Tiba-tiba ada rasa enggan menyeruak di dada Utari, menyaksikan interaksi keduanya. Dia ingin tetap di sana, memegang salah satu alat. Dia ingin berada di sisi pria itu, agar Bagus Pandhita selalu dalam pengawasan matanya.
"Bu Puspa, apa boleh saya tetap di sini?"
Puspa Ayu yang sudah hendak melangkah, langsung berhenti begitu saja, "Kenapa? Tidak sopan mengabaikan panggilan Ibu!"
"I---iya, Bu." Utari tidak dapat lagi mengelak. Akhirnya mereka berjalan beriringan menuju ke dalam rumah. Setelah berada di dapur, ternyata Naira sedang sibuk menata aneka jajan pasar di atas piring dibantu beberapa orang.

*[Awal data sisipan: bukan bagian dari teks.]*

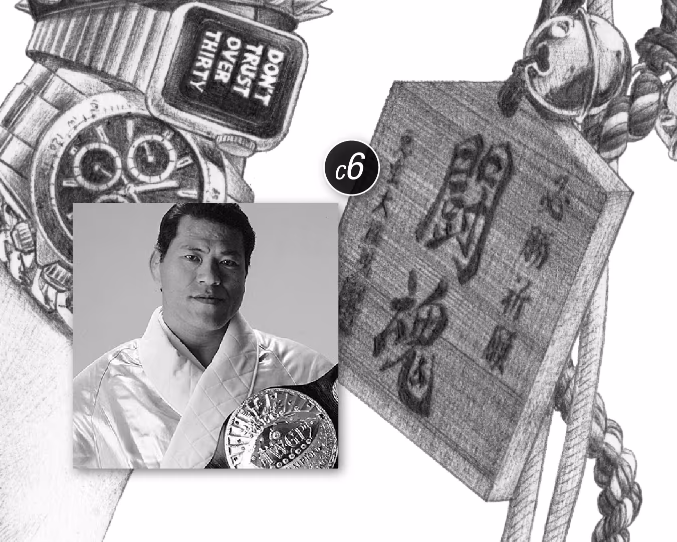 C6. 絵馬 / Ema - Ema are small wooden plaques for writing prayers or wishes in Shinto and Buddhist practices. The ema displays 闘魂 (Tōkon), or "fighting spirit," a slogan from the legendary wrestler Antonio Inoki.
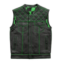 Key Features: Diamond Naked Cowhide Leather Club style with one inch collar, covered snaps and cropped center zipper Diamond diamond stitching on shoulder Green stitching Green Leather piping on center and...
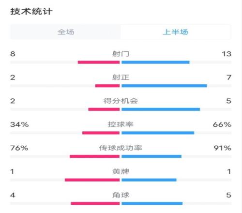 皇马半场14巴萨数据:射门813,射正27,控球率34%66%

"Waah, akhirnya kalian datang. Tolong bantu Ibu menyiapkan camilan untuk mereka, ya. Nanti cah ayu juga harus belajar memainkan salah satu gamelan itu." Naira berceloteh riang, tanpa mengetahui jika Puspa Ayu langsung menatap Utari dengan sorot tidak suka.
"Iya, Bu." sahut Utari cepat. Dia yakin ibu Bagus melupakan kesepakatan mereka. Utari berdoa dalam hati, semoga Puspa Ayu tidak curiga. Sebutan 'cah ayu' kepada dirinya sudah menandakan satu hal, bahwa ini bukan kali pertama dia menginjakkan kaki di rumah ini.
"Nak Puspa, Ibu dengar Nak Windri mau diambil Ki Mantep sebagai salah satu waranggana tetap, ya." Naira menyodorkan sepiring nagasari untuk diletakkan Utari di atas nampan.
"Saya dengar memang begitu."
"Beruntung sekali ya, dia. Pasti kita akan merindukan mendengarkan suaranya. Ibu sudah terbiasa mendengar suara merdunya seperti sekarang ini. Apa Mas Bagus sudah mencari pengganti Windri?"
"Sepertinya belum, Bu. Akhir-akhir ini jadwal Bapak, kan padat merayap."
"Kapan anak itu memikirkan dirinya sendiri? Ibu sudah tidak sabar melihatnya menikah dan memberi Ibu seorang cucu yang lucu." Naira melirik pada Utari yang berpura-pura menyibukkan diri dengan memperbaiki letak nampan, yang sesungguhnya sudah benar.